Member of Parliament
- Incumbent
- Assumed office 17 February 2026
- Preceded by: Rejwan Ahmed Toufiq
- Constituency: Kishoreganj-4
- In office 7 May 1986 – 3 March 1988
- Succeeded by: Alamgir Hossain
- Constituency: Kishoreganj-3

Personal details
- Born: 1950 (age 75–76) Kishoreganj, East Pakistan
- Party: Bangladesh Nationalist Party (1988 - current) Jatiya Party (Ershad) (former) Bangladesh Awami League (former)

Military service
- Allegiance: Bangladesh
- Branch/service: Mukti Bahini
- Unit: Mujib Bahini
- Battles/wars: Bangladesh Liberation War

= Fazlur Rahman (Bangladeshi politician) =

Bangladeshi politician

Momammadd Fazlur Rahman (মোঃ ফজলুর রহমান) , is a Bangladeshi politician and lawyer who serves as a Member of Parliament for Kishoreganj-4. He was the advisor of Khaleda Zia during her tenure.

==Political life==

Rahman started his political life as a student leader. He was the president and general secretary of Bangladesh Chhatra League. Then he joined the party Bangladesh Awami League. He joined the BNP in 1979 and became a member of the Union Parishad in the 1980 elections of Ziaur Rahman. After the 1982 coup, he joined Jatiya Party (Ershad) and was elected to the parliament from Kishoreganj-3 as a Jatiya Party candidate in 1986.

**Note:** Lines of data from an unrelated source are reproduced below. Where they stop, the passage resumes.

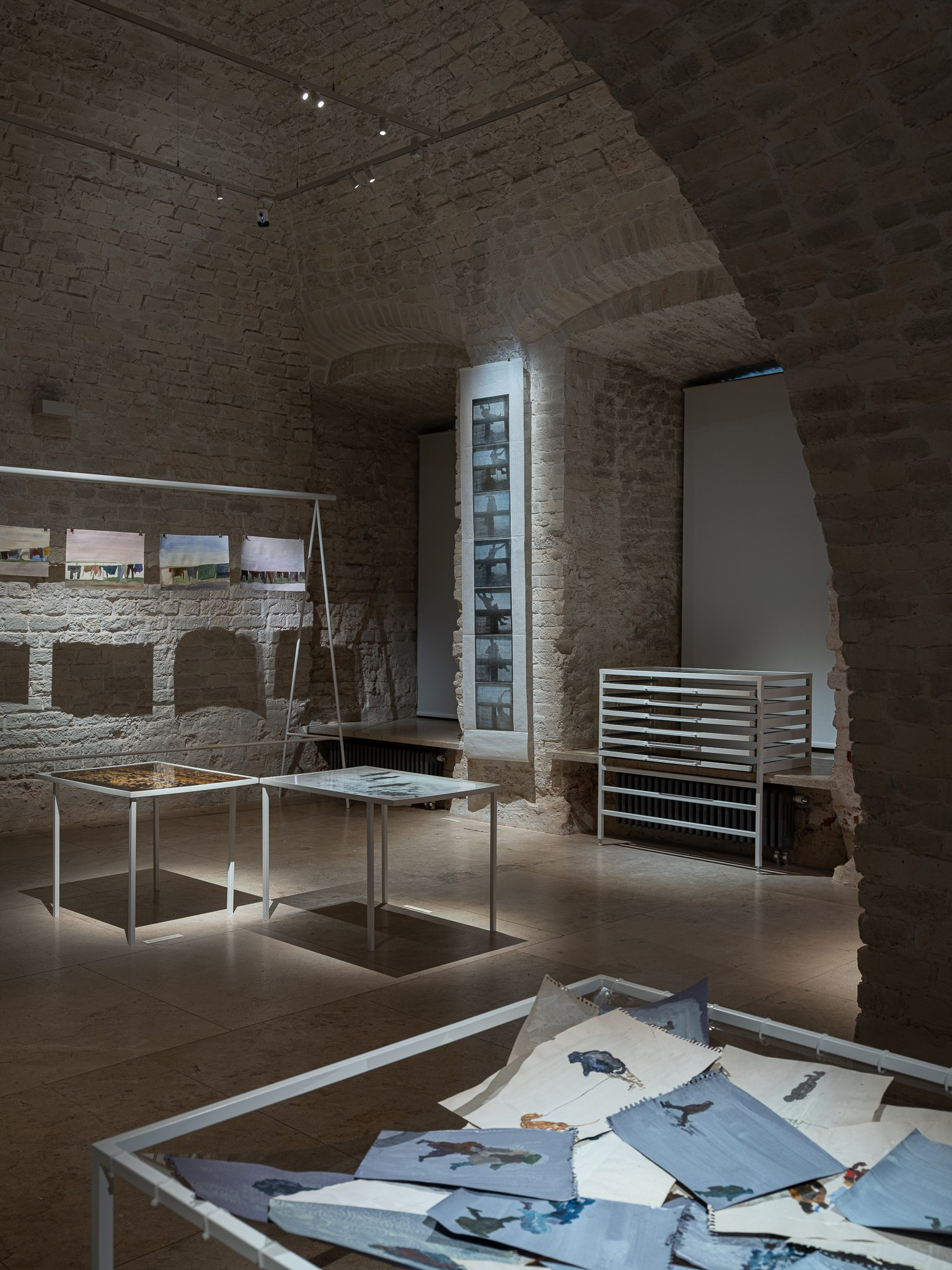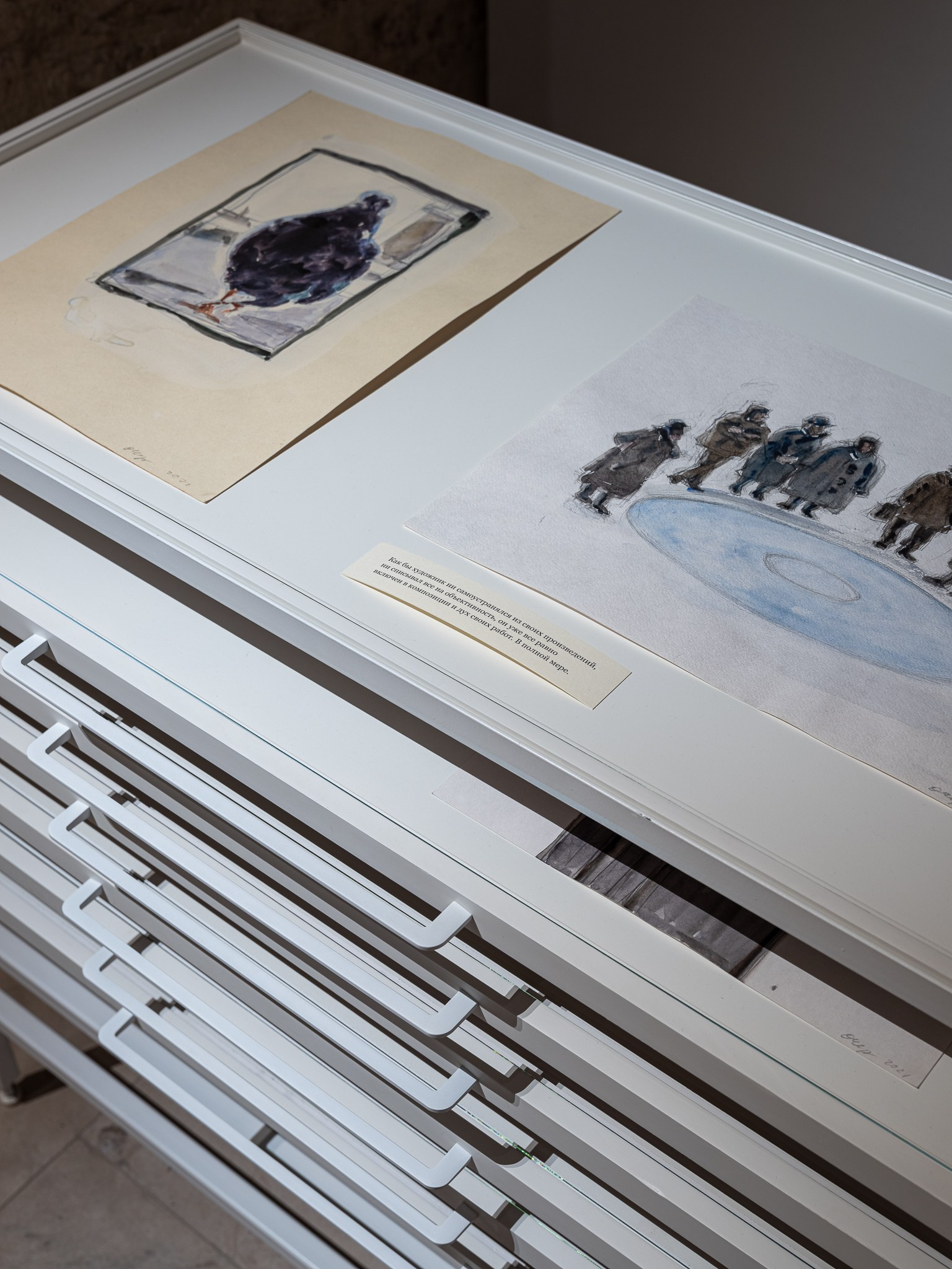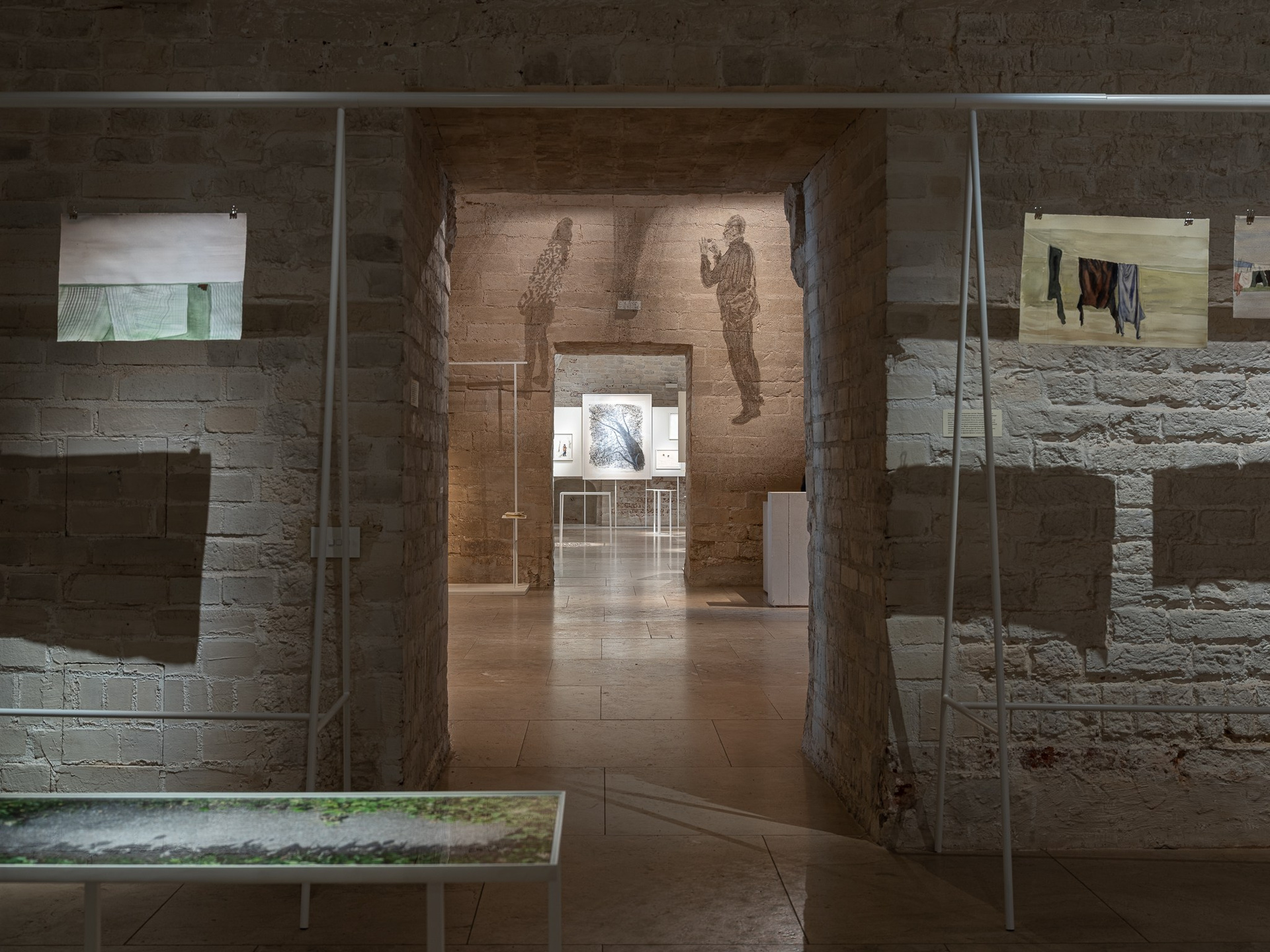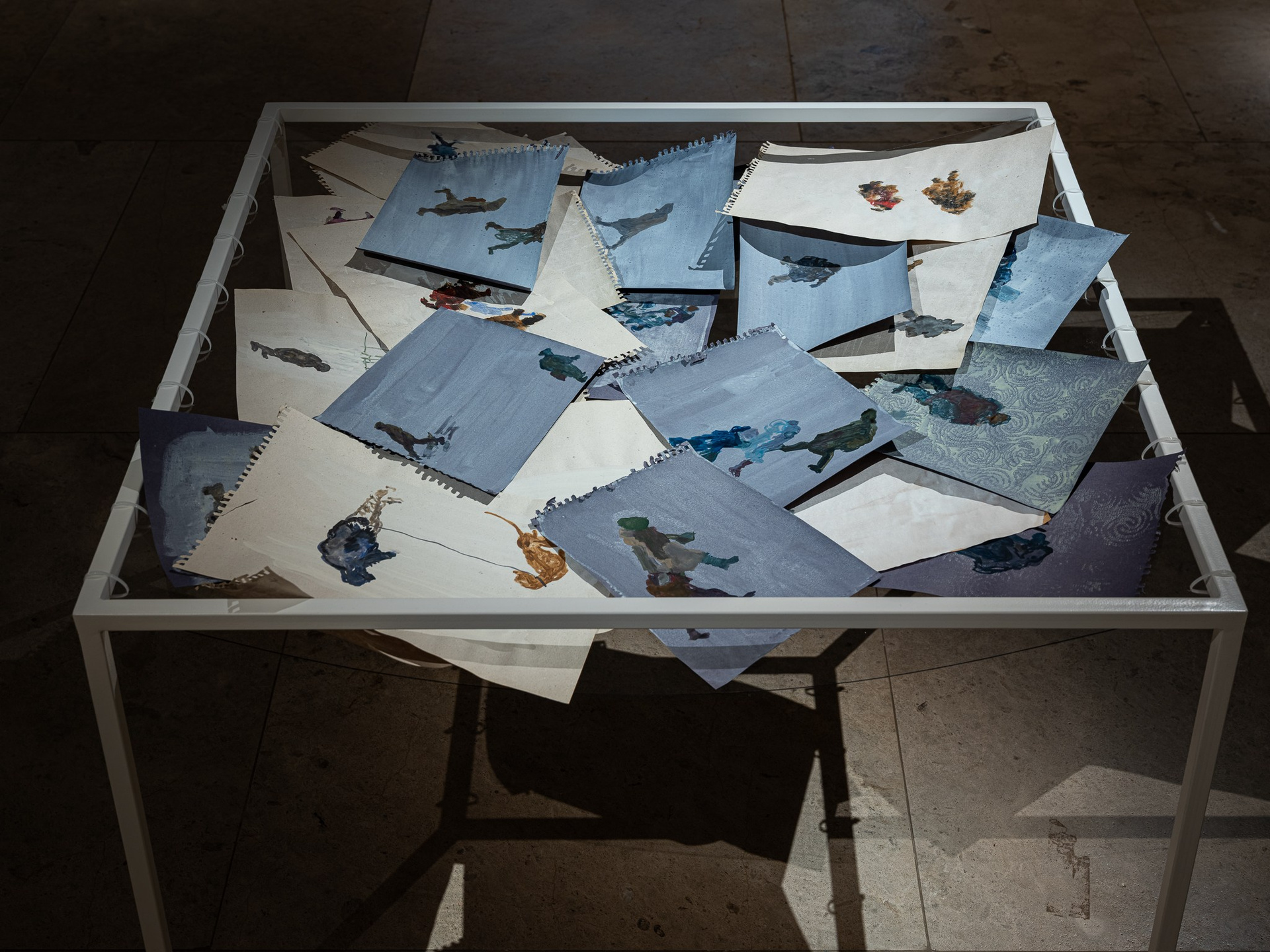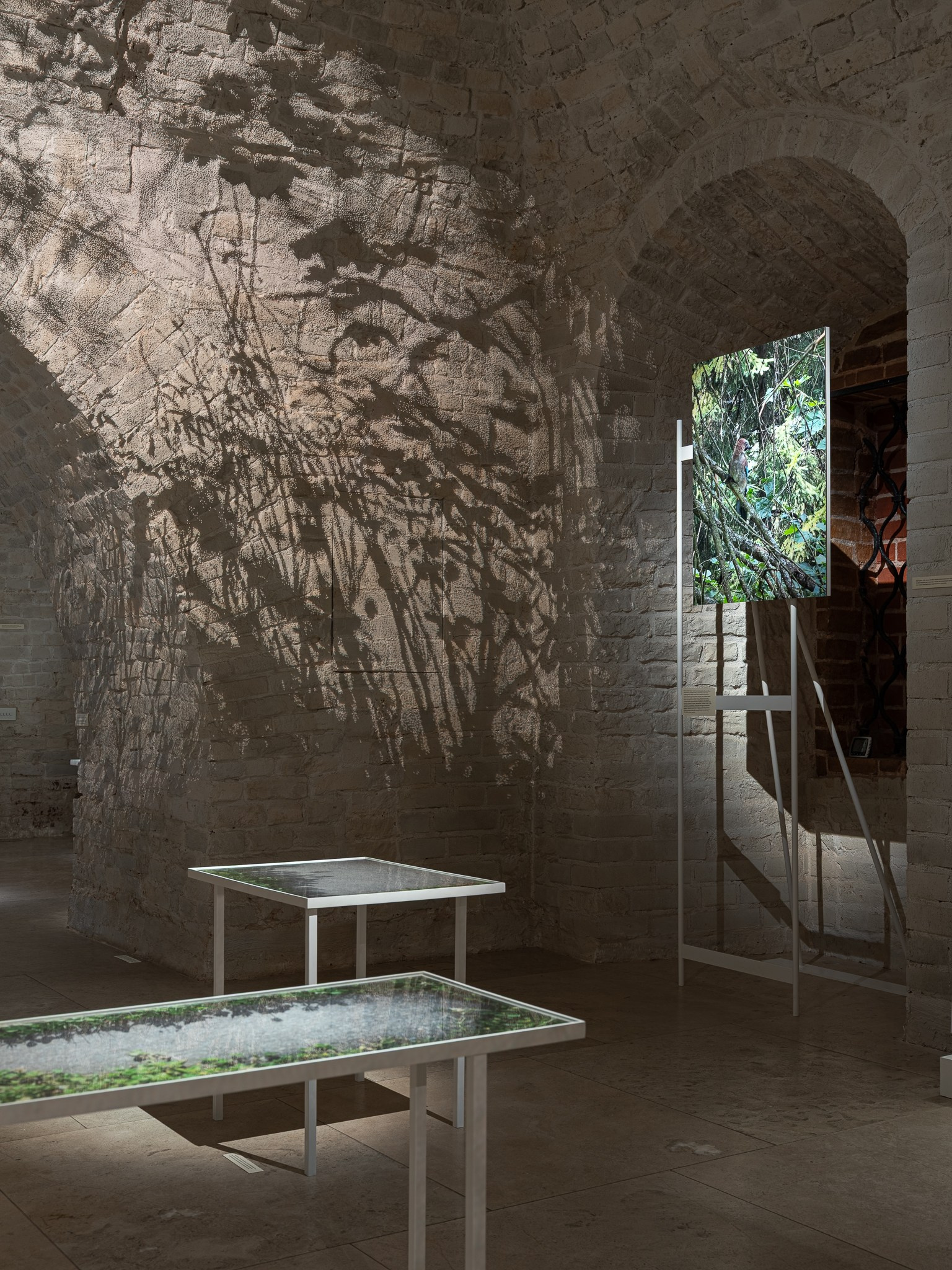 Два других зала выставки, посвященные образу листа как растительного элемента, предполагают особый, «неантропоцентричный», ракурс, где люди уступают место природе. В залах будут представлены разные состояния природы в акварелях из серии «Стирки» (2024)и «Пособие для роботов по изучению людей» (2019), живописных работах «Звук в лесу» (2024) и «Москва-река» (2025), видео-инсталляции «Blue ovals» (2018), а также в графических работах разных лет и фотографиях.
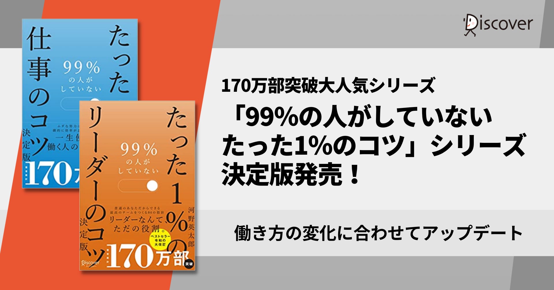 株式会社ディスカヴァー・トゥエンティワン(本社:東京都千代田区、取締役社長:谷口奈緒美)は2022年7月22日に『99%の人がしていないたった1%の仕事のコツ 決定版』『99%の人がしていないたった1%のリーダーのコツ 決定版』(河野英太郎・著)を刊行しました。
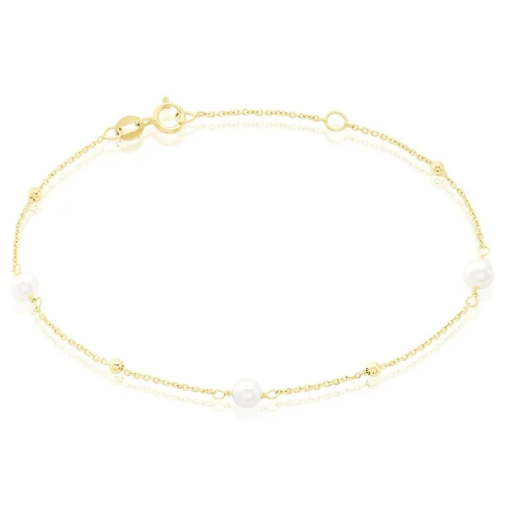 Bracelet Or Jaune 375/1000 3 Perles De Culture Rondes Blanches 3.5/4mm Alternees 4 Boules Lisses Maille Forcat 16+2cm
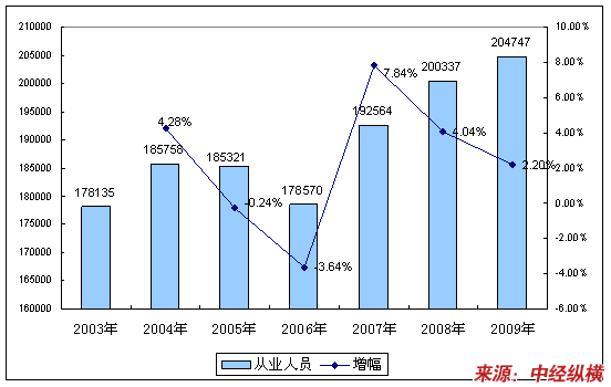 二、2003-2009年 行业 从业人员发展状况
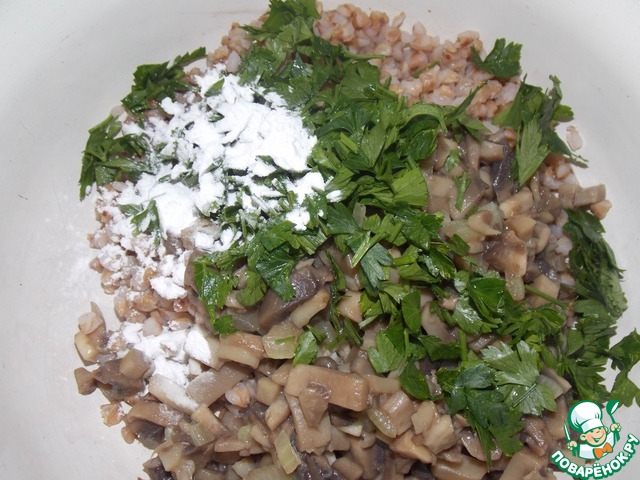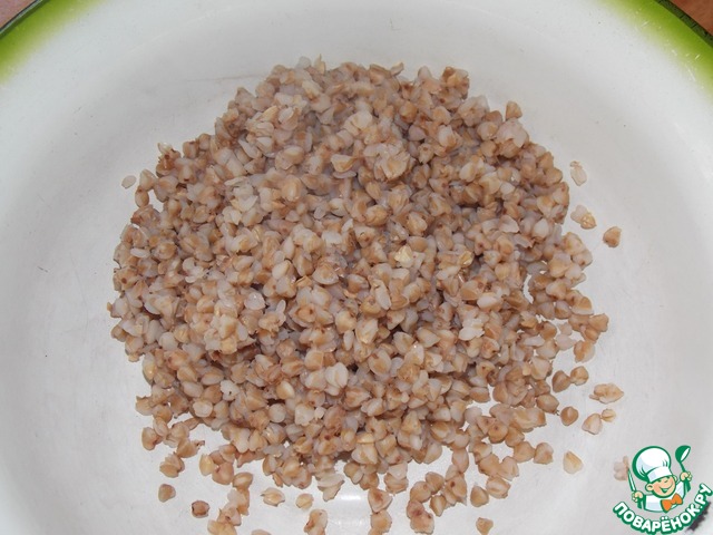 Из гречневой массы сформовать маленькие тефтели, обвалять в сухарях, выложить в смазанную маслом форму для запекания. Если тефтели будут плохо формоваться, можно добавить ещё немного муки.
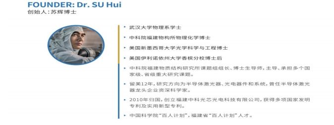 福建中科光芯光电科技有限公司(以下简称“中科光芯”)致力于光芯片、光器件及模组的研发、生产、及销售。公司成立于2011年,由中科院福建物质结构研究所课题组组长、博士生导师,拥有二十多年半导体激光器研发及光电子集成制程平台经验的苏辉博士创立。公司愿景是“致力于成为全球最有影响力的光芯片企业”。公司高度垂直整合(IDM模式),拥有完整的外延生长、芯片微纳加工及器件封装产业线。现有产品包括外延片、芯片(FP、DFB、EML、PD)、TO器件、蝶形器件、OSA器件、iTLA、SOA、SLD、高功率窄线宽激光器等,尤其值得一提的是,公司L band SOA已经大批量发货,高功率SLD已经率先成功取代了400G OTN网络中的L band EDFA,是一家真正拥有独立自主知识产权,能够独立设计并量产光芯片、器件、模组的高新技术企业。中科光芯以石狮、福州、黄石为研发和生产基地,武汉设研发中心。 公司拥有强大的工程及研发团队,包括11位博士,39位硕士,150多位本科及以上学历技术人员。

Later he joined BNP in 1988 and became the president of the Kishoreganj District unit of Bangladesh Nationalist Party as well as Union Council Chairman from 1992 onwards. However, on 26 August 2025, he was suspended from all party posts for 3 months.

==Controversy==
===July Revolution===
Following the July Revolution, Rahman stated in various forums that the collapse of the government was orchestrated by Bangladesh Jamaat-e-Islami and its affiliated organisations. He argued that the events were not an ordinary political development but a premeditated conspiracy, describing Jamaat as the "dark force" behind it.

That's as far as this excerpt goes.